No I understand.  I do not think there is some magical exercise..but do believe in there being better choices for certain movements and do think our main priority is keeping athletes healthy..its the whole approach that matters... by the way..why the name calling? haha

Comment by Craig Cheek on May 24, 2012 at 1:22pm

lighten up francis. the comment was made in jest. point being that athletes do or do not succeed becuase of some magical exercise or lack thereof.

Comment by Matt Siniscalchi on May 24, 2012 at 11:35am

We do lunges in different planes.  Those are great choices as well
Craig- just because a world class athlete does something does not mean that it is correct..many world class athletes still do crunches and situps and that is completely ignorant regardless of their skill.  Our job as strength coaches is to first do no harm.

Comment by Craig Cheek on May 24, 2012 at 8:40am

hey, michael johnson said all he did was "leg curls."

Comment by Aaron Short on May 24, 2012 at 8:00am

"It is about finishing the movement",......Then pick a more relative movement.

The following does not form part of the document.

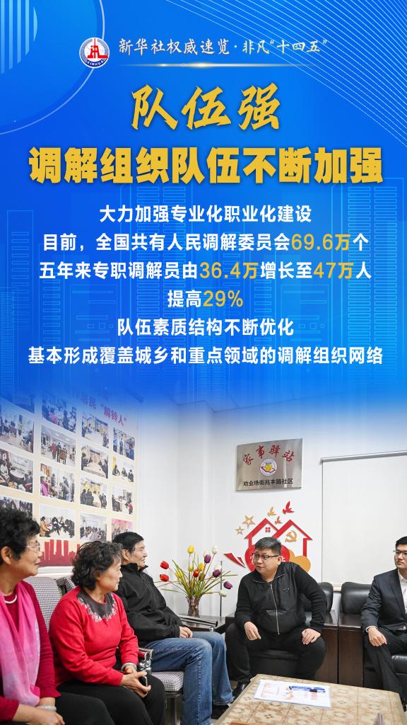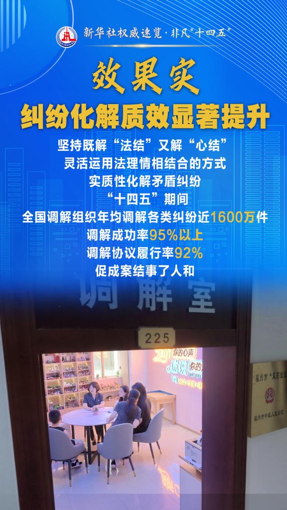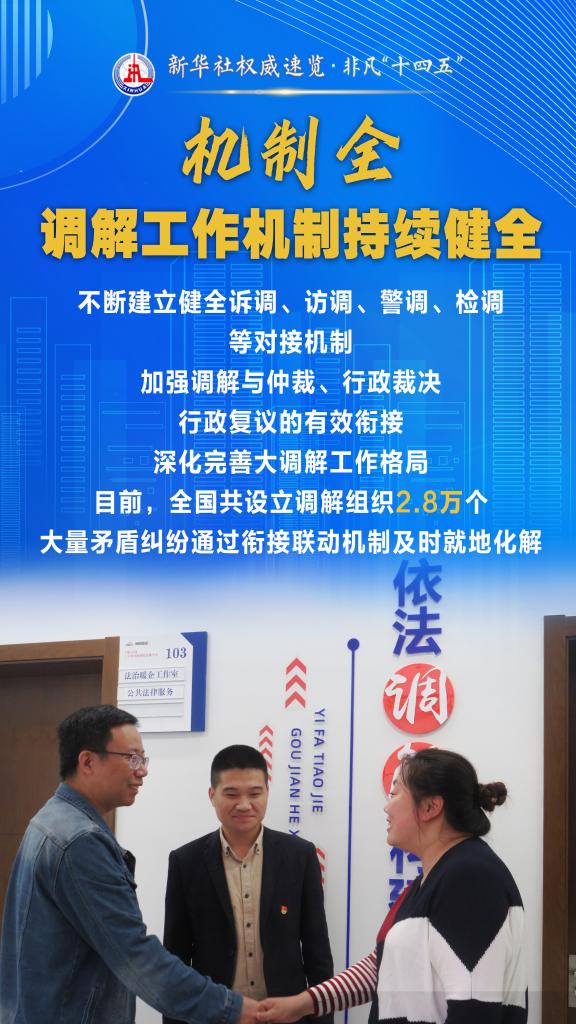 “十四五”期間,司法部堅持和發(fā)展新時代“楓橋經驗”,充分發(fā)揮調解職能作用,以“機制全、領域廣、隊伍強、效果實”十二字為工作“秘訣”,大力加強矛盾糾紛排查化解,切實保障群眾合法權益,維護社會和諧穩(wěn)定。

Why train the hamstring laying down or with fixed ankles? Lunging in 3 planes of motion would be more relevant for training the hamstrings/glutes tweaking the speed, ROM, load, to a box, off a box. If our muscles are constantly recording data I would argue that it would be counterproductive to have the hamstrings/glutes isolated, doing contracted eccentric movement "just to finish the movement". If this is the case we are teaching them to respond in a manner unnecessary for sport, we're talking about firing patterns, sychronicity.

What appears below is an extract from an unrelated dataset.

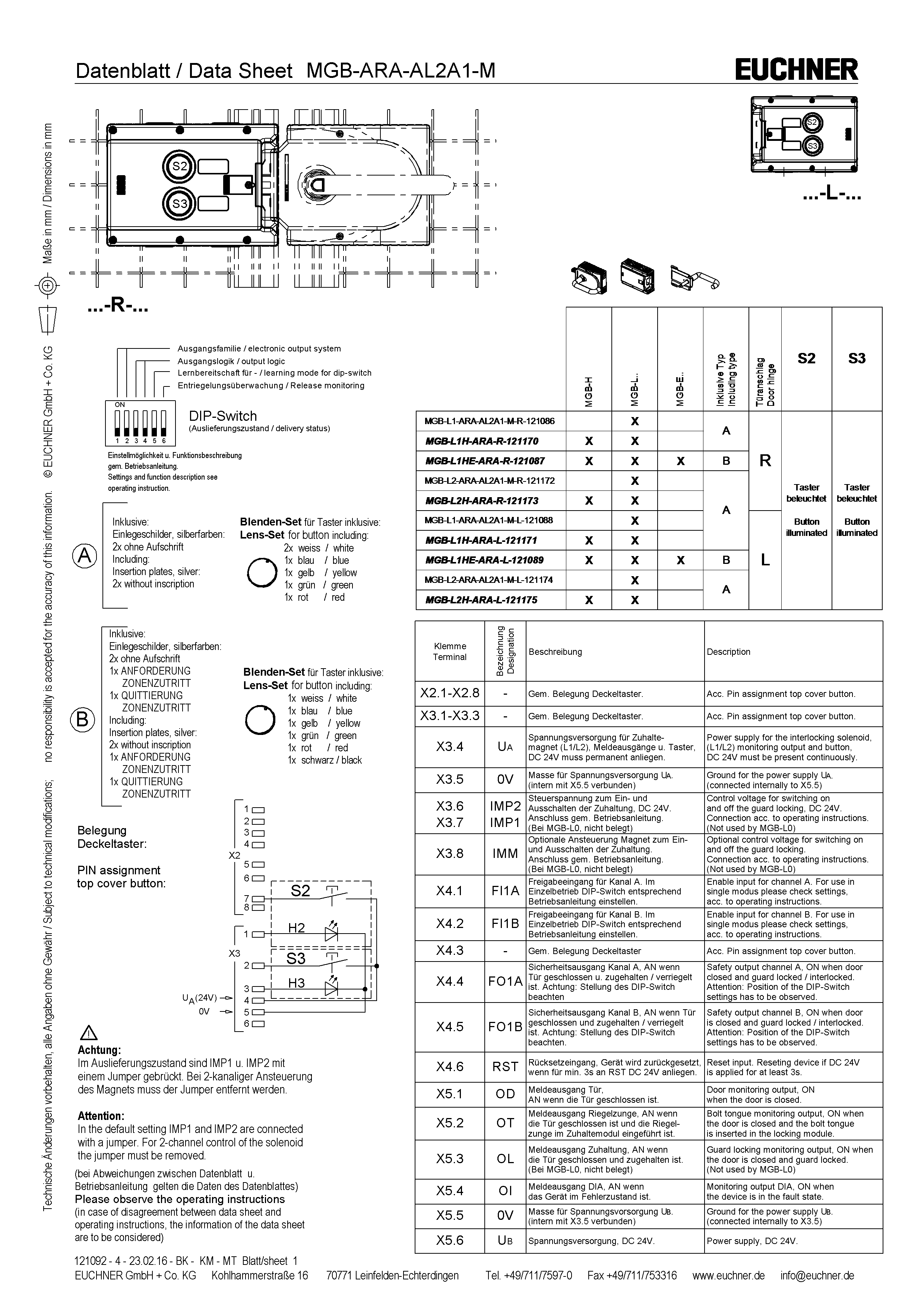 Módulos de bloqueio MGB-L2-ARA-AL2A1-M-L-121174 (Nº de encomenda 121174)

Comment by Matt Siniscalchi on May 24, 2012 at 2:33am

Aaron,
From my understanding as well as most on this topic...I do not know what your argument is (it sounds like one)..Most of the hamstring issues stem from lack of glute functioning in conjuction w/ hamstring dominance..this is why we are focusing on hip extension throughout the movement, regardless of whether  the hamstring accelerate knee flexion..which the only focus on machine hamstring exercise..this completely ignores that the glutes are primary hip extensors as well as the hamstrings.  Of course our hamstrings and glutes are priority when decelerating, lets say upon landing.Why train accelerating knee flexion? It is about finshing the movement..what else would use suppose..we do stiff legged deadlift and deadlift variations but the main priority is the glutes working with the hamstrings to produce movement. How is glute contraction and hamstring contraction not synchronistic with the movement pattern? Maybe I am missing your point?

best,

Matt

Comment by Aaron Short on May 23, 2012 at 8:49pm

Let me ask you this..Does the hamstring accelerate knee flexion in sport? When we run, or jump? OR, does it decelerate knee flexion (load to explode). Gravity forces us down, we resist gravity. Our feet would have to be fixed to the floor for us to accelerate knee flexion (load) during sport. So why train accelerating knee flexion? And hamstring contraction in both directions? Proprioceptively our hamstrings dont operate in that manner. And really isn't synchronicity and movement patterns what training is about?